Jumat, 12 Desember 2014

METAMORFOSIS K-13 ?

          Menarik untuk menyimak pemberitaan yang dimuat di beberapa media masa, baik elektronik maupun cetak dengan isu sentral pemberlakuan Kurikulum 2013 (K-13). Mendikdasmen, Anies Baswedan secara tegas menyampaikan bahwa pemberlakuan K-13 sangat rentan terhadap ke-tidaksiap-an baik guru maupun buku ajar. Bahkan terkesan dipaksakan tanpa persiapan yang matang. Belum lagi kebingungan dan kesulitan yang dialami oleh banyak guru tentang penilaian, khususnya aplikasi menyajikan dalam laporan hasil peserta didik (raport).
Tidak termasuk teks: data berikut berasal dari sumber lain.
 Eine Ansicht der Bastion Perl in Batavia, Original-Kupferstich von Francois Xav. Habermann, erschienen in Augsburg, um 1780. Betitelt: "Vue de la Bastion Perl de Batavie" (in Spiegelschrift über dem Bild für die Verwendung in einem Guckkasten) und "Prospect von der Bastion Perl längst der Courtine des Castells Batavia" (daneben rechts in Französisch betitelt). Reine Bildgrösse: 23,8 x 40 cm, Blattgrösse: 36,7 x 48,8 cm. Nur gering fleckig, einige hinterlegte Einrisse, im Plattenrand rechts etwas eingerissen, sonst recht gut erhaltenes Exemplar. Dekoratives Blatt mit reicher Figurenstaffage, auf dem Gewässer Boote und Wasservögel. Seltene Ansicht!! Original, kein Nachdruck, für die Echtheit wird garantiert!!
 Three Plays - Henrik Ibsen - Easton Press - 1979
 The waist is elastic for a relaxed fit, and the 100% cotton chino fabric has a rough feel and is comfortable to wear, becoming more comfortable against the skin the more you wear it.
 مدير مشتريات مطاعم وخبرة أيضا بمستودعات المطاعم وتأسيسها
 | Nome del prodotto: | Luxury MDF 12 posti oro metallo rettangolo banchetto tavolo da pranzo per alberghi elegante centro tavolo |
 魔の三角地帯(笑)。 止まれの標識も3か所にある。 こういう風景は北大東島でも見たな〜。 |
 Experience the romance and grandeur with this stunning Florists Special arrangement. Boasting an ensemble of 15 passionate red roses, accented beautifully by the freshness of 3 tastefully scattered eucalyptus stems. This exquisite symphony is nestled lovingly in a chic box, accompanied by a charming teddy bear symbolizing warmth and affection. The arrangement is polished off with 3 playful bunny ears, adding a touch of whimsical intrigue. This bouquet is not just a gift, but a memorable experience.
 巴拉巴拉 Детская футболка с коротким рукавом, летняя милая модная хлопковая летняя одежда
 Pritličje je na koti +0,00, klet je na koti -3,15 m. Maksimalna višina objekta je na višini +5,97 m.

Apalagi di Indonesia masih banyak rombongan belajar (kelas) dengan jumlah peserta didik lebih dari 32 anak. Jika seorang guru mengajar 9 kelas saja maka ada sekitar 288 peserta didik yang harus ia cermati proses perkembangan maupun penilaian peserta didiknya. Padahal ada beberapa guru yang mengajar 12 kelas. Ini tentu bukan pekerjaan yang mudah.
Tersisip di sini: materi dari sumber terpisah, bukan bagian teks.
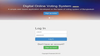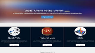 The document presents a digital online voting system based on the electoral system of Bangladesh, emphasizing simplicity and productivity. It highlights limitations of the current voting system, including insecurity and inaccessibility, while proposing a robust and secure online solution with real-time data updates and mobile compatibility. The system employs various technologies like JavaScript, Meteor.js, and MongoDB, and aims to enhance user experience through features such as latency compensation and support for social media logins.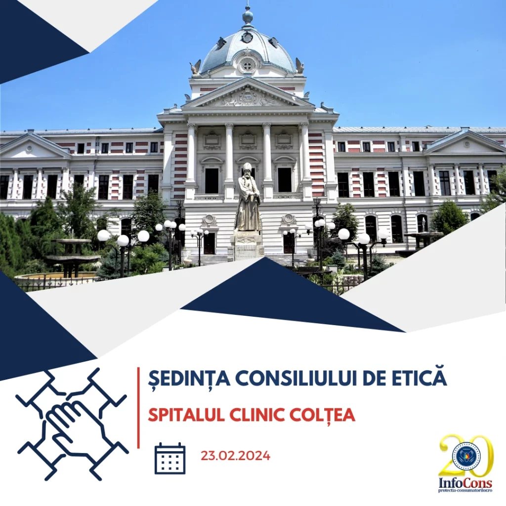 Reprezentantul InfoCons participă la ședința Consiliului Etic al Spitalului Clinic ColțeaAdăugat la: 2024-02-23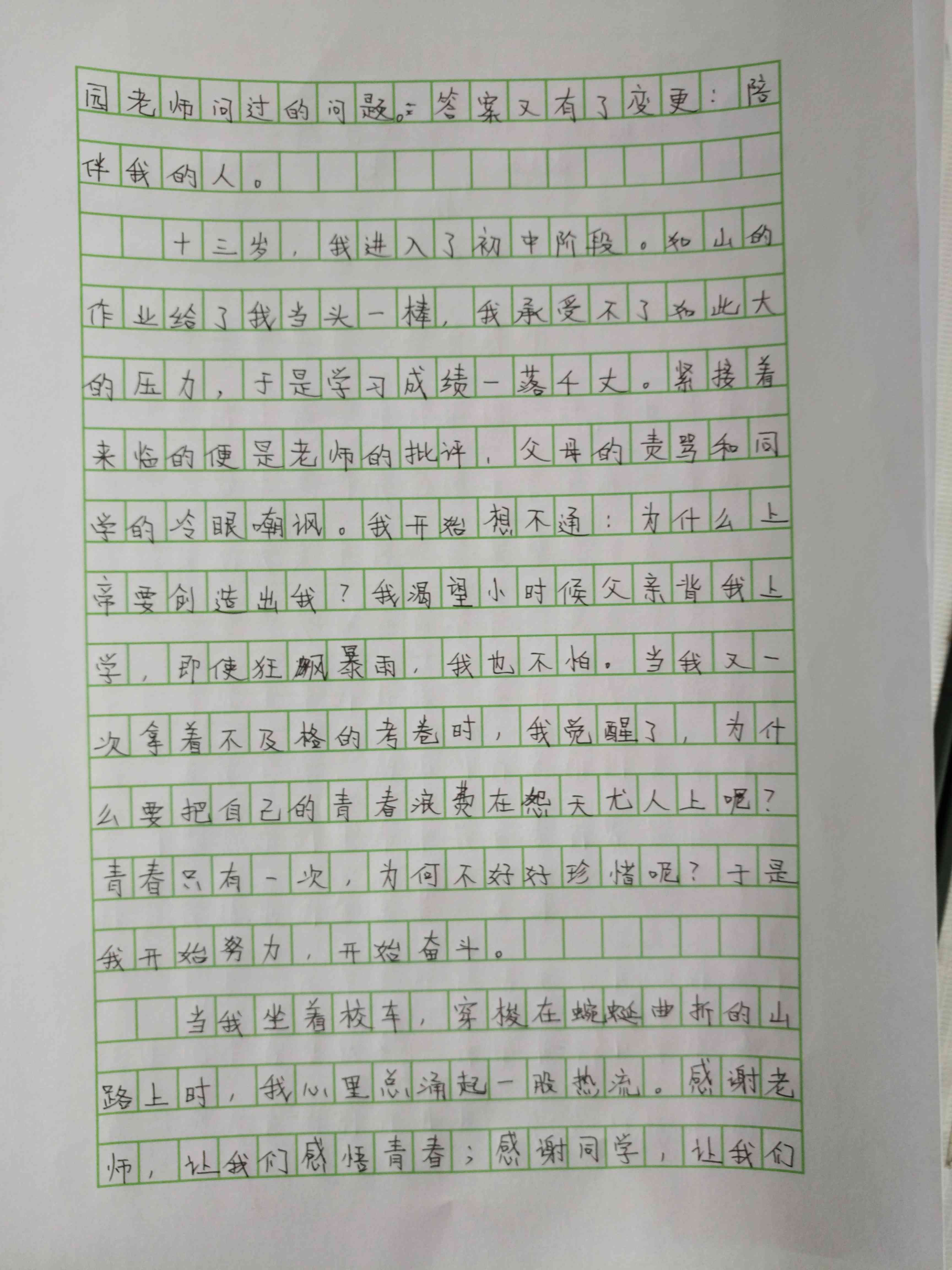 当我坐着校车,穿梭在蜿蜒曲折的山路上时,我心里总涌起一股热流。感谢老师,让我们感悟青春;感谢同学,让我们挥洒青春;最感谢父母,让我们拥有青春。感谢所有帮助过我们的人。成长的历程十分坎坷,但同时因为有了感恩而精彩。

          Akan tetapi, beberapa tokoh, misalnya Wapres Jusuf Kalla memberikan statemen bahwa K-13 jalan terus dan tidak mungkin untuk diberhentikan begitu saja. Demikian pula mantan mendiknas M. Nuh mengisyaratkan bahwa terlalu dini untuk memberhentikan pemberlakuan K-13, sebelum mengevaluasi secara mendalam pelaksanaannya selama ini, diperlukan waktu dan tidak harus terburu-buru. Bahkan pihak Dikbub Jawa Timur secara khusus meminta pemberlakuan K-13 untuk semua sekolah di Jatim, walaupun hal itu tidak dikabulkan oleh mendikdasmen melalaui Dirjen Pendidikan Dasar Kemendikbud Hamid Muhammad (Jawa Pos, 12 Desember 2014), karena pemberlakuan K-13 terbatas pada 6.221 unit sekolah yang telah ditunjuk. Tentu hal ini membingungkan bagi sekolah-sekolah karena meras tidak ada kepastian.
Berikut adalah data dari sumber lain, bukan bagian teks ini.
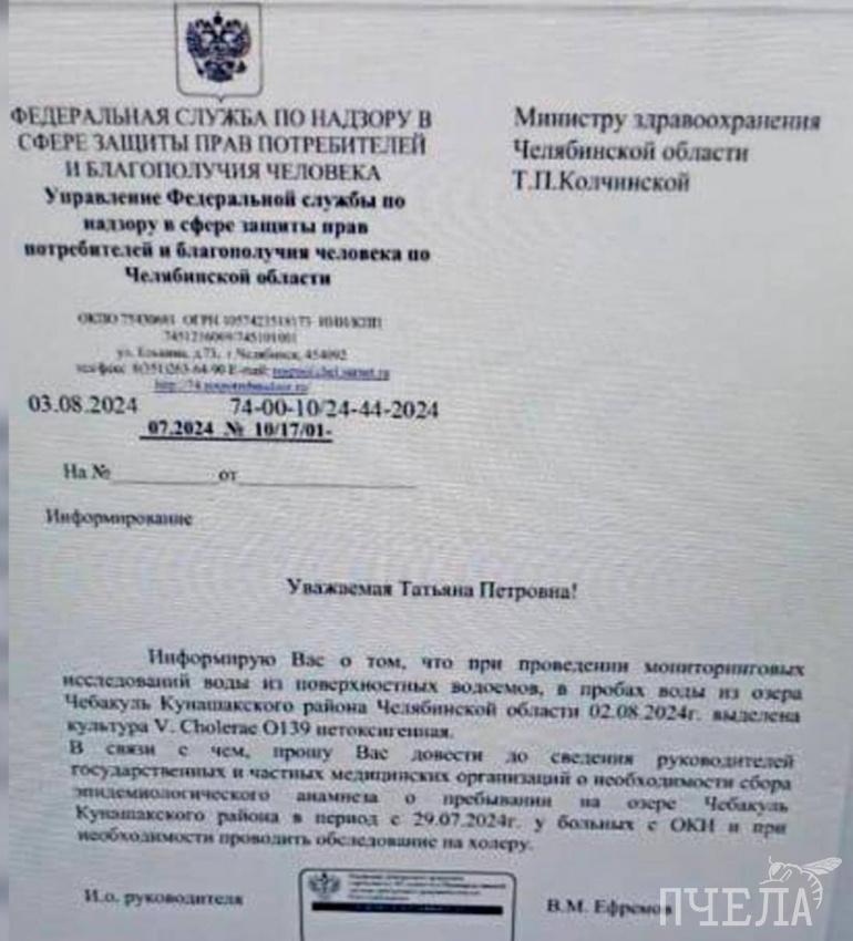 — При проведении мониторинговых исследований воды из поверхностных водоёмов в пробах воды из озера Чебакуль Кунашакского района Челябинской области 2 августа 2024 года выделена культура v. Cholerae О139 нетоксигенная, — сообщается в официальном письме. — В связи с чем прошу вас довести до сведения государственных и частных медицинских организаций о необходимости сбора эпидемиологического анамнеза о пребывании на озере Чебакуль Кунашакского района в период с 29.07.2024 года у больных с ОКИ и при необходимости проводить обследование на холеру.
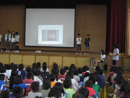 10月7日の児童集会では,図書委員会・放送委員会・代表委員会よりの発表がありました。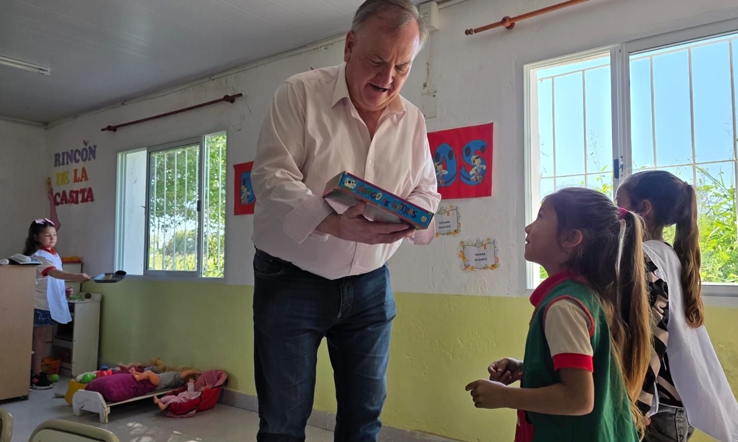 En el establecimiento educativo, las autoridades fueron recibidas por la directora Vinina Prieto y las docentes María del Rosario Gretter y Melina Rocha, junto a la presidenta comunal Lidia Nievas. En ese marco, se realizó la entrega de un aporte destinado al nivel inicial de la escuela y de un aire acondicionado split de 4.500 frigorías, solicitado por la comunidad educativa para mejorar las condiciones de enseñanza y aprendizaje.

          Bagi kita, para pendidik dan praktisi pendidikan, pergantian kurikulum itu hal yang wajar dan suatu keniscayaan. Akan tetapi, ketika pemberlakuan itu belum berjalan lama bahkan ada yang belum tuntas satu semester dilaksanakan, tentu belum sepenuhnya menemukan 'pola' dan 'fakta' empiris terhadap efektifitas dan keunggulan dari kurikulum yang dimaksud. Konsekuensi lainnya sebagaimana dilansir oleh dikdik Bojonegoro (Jawa Pos 12 Desember 2014) antara lain: jam mengajar berkurang, efek sertifikasi dan tunjangan guru terkendala, tenaga honorer kehilangan jam mengajar, peserta didik kesulitan karena pada K-13 semester awal sudah penjurusan minat. Semua itu menjadi efek domino pemberhentian K-13.
          Lepas dari pro dan kontra, pemerintah sudah secara final mengambil kebijakan pemberlakuan K-13 terbatas pada sekolah-sekolah percontohan (seluruh Indonesia ada 6.221 sekolah), sedangan sekolah-sekolah yang lain kembali ke KTSP. Oleh karena itu, dimungkinkan ada dua kurikulum yang berlaku yaitu K-13 dan KTSP. Ini berkonsekuensi pada penilaian (raport, UN). Suatu saat akan ada dua jenis UN yang berdasarkan KTSP dan K-13. Memang semua bisa diatasi, namun kesan yang muncul adalah ketidakpastian menerapkan standar penilaian pada peserta didik. Mana standar (barometer) yang paling diakui. Hal itu tidak akan menjadi masalah jika UN dihapus atau ditiadakan. Sungguh suatu dilema yang berkepanjangan.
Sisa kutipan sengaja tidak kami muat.